- Opening Delimiter -
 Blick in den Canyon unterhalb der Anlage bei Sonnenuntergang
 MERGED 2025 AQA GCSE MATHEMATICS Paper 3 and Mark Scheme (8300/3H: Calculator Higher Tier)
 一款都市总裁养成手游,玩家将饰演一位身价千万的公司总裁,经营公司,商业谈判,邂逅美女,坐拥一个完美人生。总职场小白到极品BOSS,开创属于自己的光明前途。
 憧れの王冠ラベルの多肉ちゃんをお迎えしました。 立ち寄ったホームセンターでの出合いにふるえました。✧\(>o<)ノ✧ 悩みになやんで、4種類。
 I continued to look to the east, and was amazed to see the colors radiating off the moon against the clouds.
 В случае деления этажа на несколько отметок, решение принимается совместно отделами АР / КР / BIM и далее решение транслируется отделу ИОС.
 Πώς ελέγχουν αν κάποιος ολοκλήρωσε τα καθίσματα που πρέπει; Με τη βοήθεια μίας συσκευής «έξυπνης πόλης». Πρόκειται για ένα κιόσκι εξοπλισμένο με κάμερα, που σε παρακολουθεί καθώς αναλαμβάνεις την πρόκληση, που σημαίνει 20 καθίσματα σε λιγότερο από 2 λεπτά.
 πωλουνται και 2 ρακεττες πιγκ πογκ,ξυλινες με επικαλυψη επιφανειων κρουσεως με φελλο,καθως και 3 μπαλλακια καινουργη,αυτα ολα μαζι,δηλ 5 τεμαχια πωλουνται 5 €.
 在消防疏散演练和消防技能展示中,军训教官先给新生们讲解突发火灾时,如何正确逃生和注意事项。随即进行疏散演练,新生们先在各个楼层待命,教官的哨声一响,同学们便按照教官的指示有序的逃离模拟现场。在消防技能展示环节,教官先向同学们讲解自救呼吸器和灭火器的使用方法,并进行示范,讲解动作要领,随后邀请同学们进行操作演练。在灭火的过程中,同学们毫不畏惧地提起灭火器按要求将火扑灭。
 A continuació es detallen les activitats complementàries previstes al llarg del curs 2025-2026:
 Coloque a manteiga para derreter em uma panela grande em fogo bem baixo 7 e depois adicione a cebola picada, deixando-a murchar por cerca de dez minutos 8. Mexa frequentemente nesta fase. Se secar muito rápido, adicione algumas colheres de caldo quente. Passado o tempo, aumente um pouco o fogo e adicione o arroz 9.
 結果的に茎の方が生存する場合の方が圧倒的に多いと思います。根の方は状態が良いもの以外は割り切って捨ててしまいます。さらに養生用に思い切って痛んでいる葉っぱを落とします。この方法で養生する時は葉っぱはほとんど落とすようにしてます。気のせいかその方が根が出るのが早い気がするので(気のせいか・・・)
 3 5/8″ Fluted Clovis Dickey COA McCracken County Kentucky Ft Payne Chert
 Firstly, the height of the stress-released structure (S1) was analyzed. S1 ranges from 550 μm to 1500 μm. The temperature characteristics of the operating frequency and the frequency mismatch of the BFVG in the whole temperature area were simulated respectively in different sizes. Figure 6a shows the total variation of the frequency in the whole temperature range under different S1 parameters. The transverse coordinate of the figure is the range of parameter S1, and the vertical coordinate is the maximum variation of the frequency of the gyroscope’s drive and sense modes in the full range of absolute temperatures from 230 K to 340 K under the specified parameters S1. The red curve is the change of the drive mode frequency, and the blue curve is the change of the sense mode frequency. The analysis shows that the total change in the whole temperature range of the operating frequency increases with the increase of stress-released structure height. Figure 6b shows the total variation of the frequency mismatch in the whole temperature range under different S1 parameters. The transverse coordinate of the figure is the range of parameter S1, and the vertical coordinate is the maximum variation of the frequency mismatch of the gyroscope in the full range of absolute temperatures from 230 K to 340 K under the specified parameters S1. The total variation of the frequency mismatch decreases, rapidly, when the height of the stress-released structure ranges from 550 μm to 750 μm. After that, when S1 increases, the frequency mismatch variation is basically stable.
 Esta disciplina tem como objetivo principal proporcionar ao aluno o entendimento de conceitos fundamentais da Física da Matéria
- Closing Delimiter -
- _What the task asks_:
Please return the material above exactly as written.

- _Your solution_:
 Blick in den Canyon unterhalb der Anlage bei Sonnenuntergang
 MERGED 2025 AQA GCSE MATHEMATICS Paper 3 and Mark Scheme (8300/3H: Calculator Higher Tier)
 一款都市总裁养成手游,玩家将饰演一位身价千万的公司总裁,经营公司,商业谈判,邂逅美女,坐拥一个完美人生。总职场小白到极品BOSS,开创属于自己的光明前途。
 憧れの王冠ラベルの多肉ちゃんをお迎えしました。 立ち寄ったホームセンターでの出合いにふるえました。✧\(>o<)ノ✧ 悩みになやんで、4種類。
 I continued to look to the east, and was amazed to see the colors radiating off the moon against the clouds.
 В случае деления этажа на несколько отметок, решение принимается совместно отделами АР / КР / BIM и далее решение транслируется отделу ИОС.
 Πώς ελέγχουν αν κάποιος ολοκλήρωσε τα καθίσματα που πρέπει; Με τη βοήθεια μίας συσκευής «έξυπνης πόλης». Πρόκειται για ένα κιόσκι εξοπλισμένο με κάμερα, που σε παρακολουθεί καθώς αναλαμβάνεις την πρόκληση, που σημαίνει 20 καθίσματα σε λιγότερο από 2 λεπτά.
 πωλουνται και 2 ρακεττες πιγκ πογκ,ξυλινες με επικαλυψη επιφανειων κρουσεως με φελλο,καθως και 3 μπαλλακια καινουργη,αυτα ολα μαζι,δηλ 5 τεμαχια πωλουνται 5 €.
 在消防疏散演练和消防技能展示中,军训教官先给新生们讲解突发火灾时,如何正确逃生和注意事项。随即进行疏散演练,新生们先在各个楼层待命,教官的哨声一响,同学们便按照教官的指示有序的逃离模拟现场。在消防技能展示环节,教官先向同学们讲解自救呼吸器和灭火器的使用方法,并进行示范,讲解动作要领,随后邀请同学们进行操作演练。在灭火的过程中,同学们毫不畏惧地提起灭火器按要求将火扑灭。
 A continuació es detallen les activitats complementàries previstes al llarg del curs 2025-2026:
 Coloque a manteiga para derreter em uma panela grande em fogo bem baixo 7 e depois adicione a cebola picada, deixando-a murchar por cerca de dez minutos 8. Mexa frequentemente nesta fase. Se secar muito rápido, adicione algumas colheres de caldo quente. Passado o tempo, aumente um pouco o fogo e adicione o arroz 9.
 結果的に茎の方が生存する場合の方が圧倒的に多いと思います。根の方は状態が良いもの以外は割り切って捨ててしまいます。さらに養生用に思い切って痛んでいる葉っぱを落とします。この方法で養生する時は葉っぱはほとんど落とすようにしてます。気のせいかその方が根が出るのが早い気がするので(気のせいか・・・)
 3 5/8″ Fluted Clovis Dickey COA McCracken County Kentucky Ft Payne Chert
 Firstly, the height of the stress-released structure (S1) was analyzed. S1 ranges from 550 μm to 1500 μm. The temperature characteristics of the operating frequency and the frequency mismatch of the BFVG in the whole temperature area were simulated respectively in different sizes. Figure 6a shows the total variation of the frequency in the whole temperature range under different S1 parameters. The transverse coordinate of the figure is the range of parameter S1, and the vertical coordinate is the maximum variation of the frequency of the gyroscope’s drive and sense modes in the full range of absolute temperatures from 230 K to 340 K under the specified parameters S1. The red curve is the change of the drive mode frequency, and the blue curve is the change of the sense mode frequency. The analysis shows that the total change in the whole temperature range of the operating frequency increases with the increase of stress-released structure height. Figure 6b shows the total variation of the frequency mismatch in the whole temperature range under different S1 parameters. The transverse coordinate of the figure is the range of parameter S1, and the vertical coordinate is the maximum variation of the frequency mismatch of the gyroscope in the full range of absolute temperatures from 230 K to 340 K under the specified parameters S1. The total variation of the frequency mismatch decreases, rapidly, when the height of the stress-released structure ranges from 550 μm to 750 μm. After that, when S1 increases, the frequency mismatch variation is basically stable.
 Esta disciplina tem como objetivo principal proporcionar ao aluno o entendimento de conceitos fundamentais da Física da Matéria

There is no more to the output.